Além disso, muitos produtores não podiam arcar com os altos custos dos insumos modernos necessários à produção competitiva do mercado e foram obrigados a vender suas propriedades. Com isso a concentração da posse da terra foi ampliada, bem como o tamanho das propriedades. 
  • Muitos produtores, após venderem suas terras, migraram para as fronteiras agrícolas do centro-oeste ou para os centros urbanos que propiciavam mais ofertas de emprego. A lógica da produção monocultora permitia a utilização em larga escala da mecanização em quase todas as práticas agrícolas, possibilitando aos grandes fazendeiros uma grande redução da mão-de-obra empregada. 
Junto com os problemas sociais gerados pela modernização agrícola brasileira, evidenciaram-se os problemas ambientais decorrentes, em grande parte, da intensiva mecanização e do uso de agrotóxicos.
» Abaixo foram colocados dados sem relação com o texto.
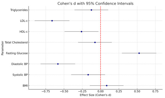 Forest plot of Cohen’s d effect sizes for cardiometabolic parameters.
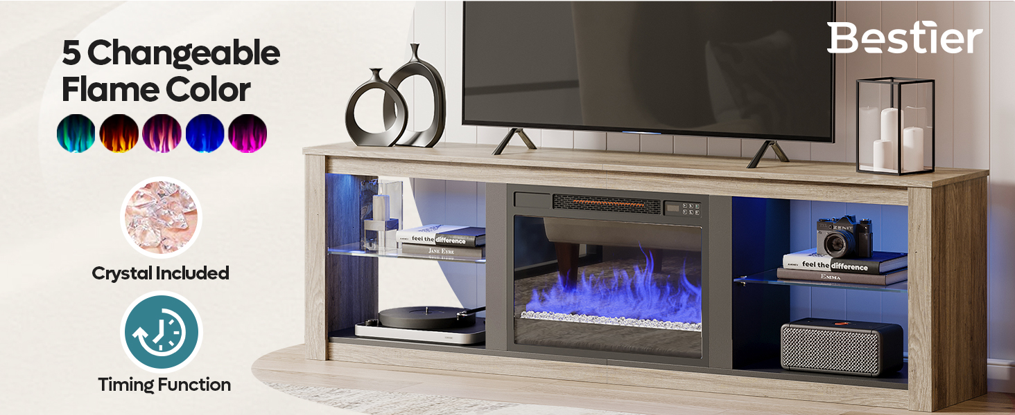 • Modern Design: Made of CARB certified P2 particle board, Bestier fireplace tv stand has great stability and durability.
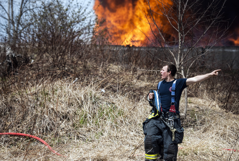 A firefighter heads toward a secondary fire after wind spread flames from a barn to a nearby field during a training exercise in Nobleboro on Saturday, April 24. (Bisi Cameron Yee photo)
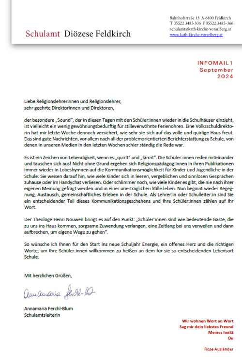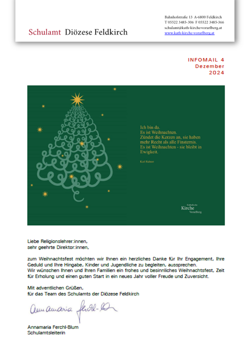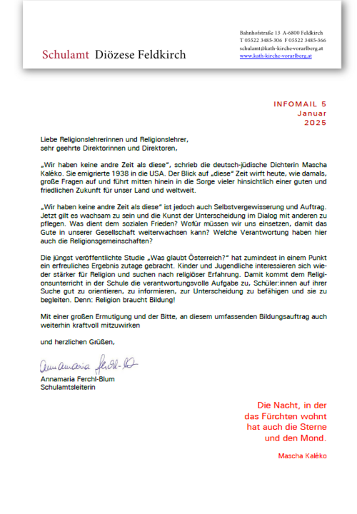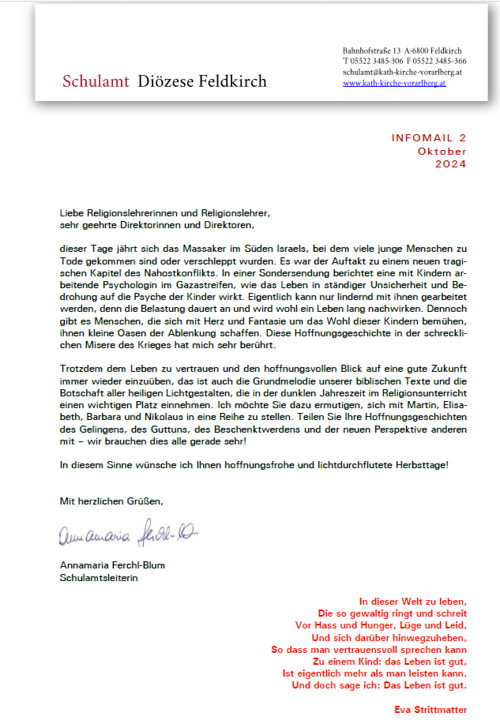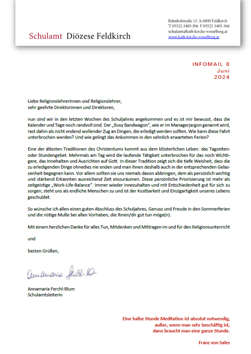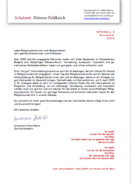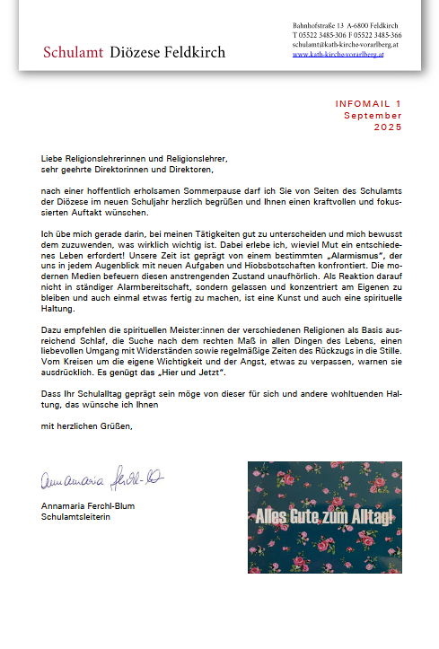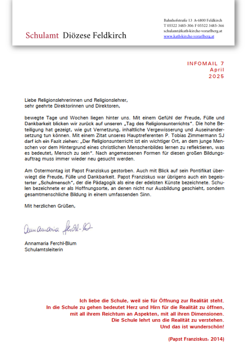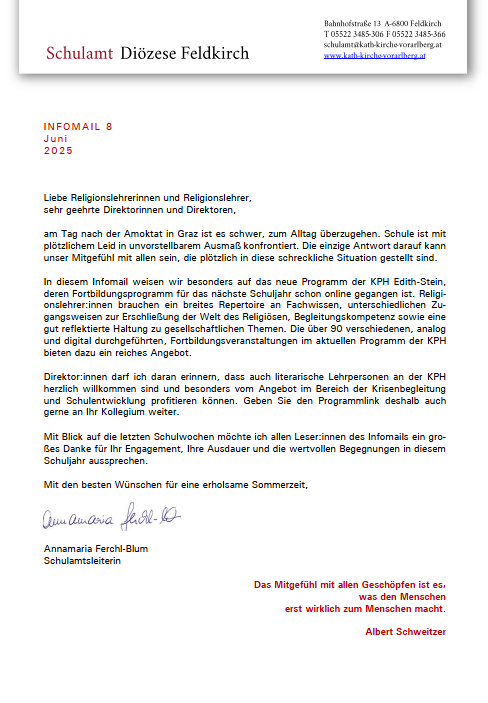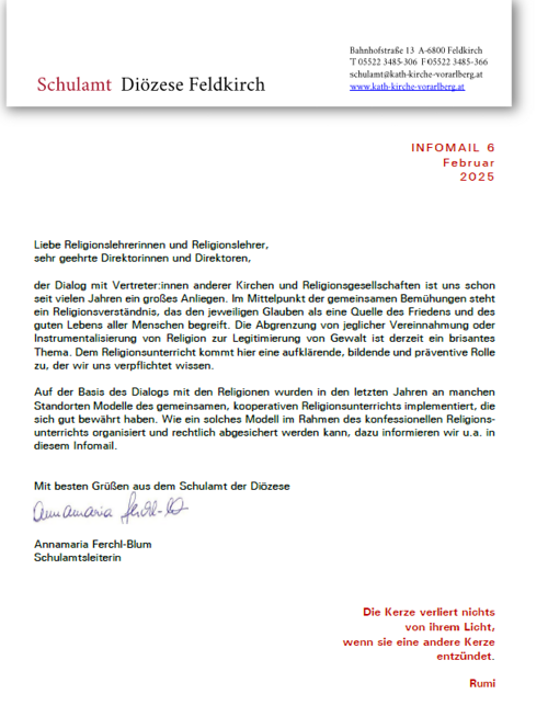 Infomail des Schulamts der Diözese Feldkirch.
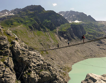 Trift Lake là cây cầu treo rất cổ kính và nguy hiểm, dài tới 165m, cao 90m trên hồ Trift Lake thuộc miền Trung Thụy Sĩ, được tôn vinh là cầu treo dài nhất trên dãy Alpes.
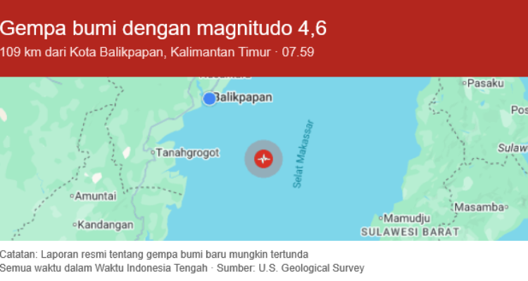 Gempa M 4,6 Guncang Balikpapan, BMKG: Tidak Berpotensi Tsunami Balikpapan|18 Juli 2025oleh Admin Web metroikn, BALIKPAPAN – Gempa bumi dengan kekuatan Magnitudo 4,6 mengguncang wilayah Balikpapan,

Os agrotóxicos passaram a ser aplicados em doses exageradas, sem obedecer as normas e critérios de segurança exigidos nos países ricos. 
  • Apesar dos problemas sociais e ambientais, a “modernização” da agricultura brasileira foi responsável, no período de 1920 a 1970, por significativos aumentos da produção agropecuária no país. 
Esses números podem ser atribuídos à multiplicação do número de propriedades, principalmente, nos estados de fronteira agrícola como os da região norte e centro-oeste, à expansão das áreas cultivadas, ao crescimento dos rebanhos e às melhorias da produtividade do trabalho, da produtividade física das culturas e da criação animal. 
  • Nos anos 70, a agricultura brasileira mostrou um grande dinamismo quanto à evolução de seus principais componentes estruturais. A produção agrícola ampliou-se rapidamente, elevando a oferta de matérias-primas; o processo de modernização aprofundou-se, abrindo um significativo mercado interno para a produção industrial, e a incorporação de novas áreas à produção integrou à economia nacional zonas antes relativamente isoladas, conforme Kageyama e Silva (1983). 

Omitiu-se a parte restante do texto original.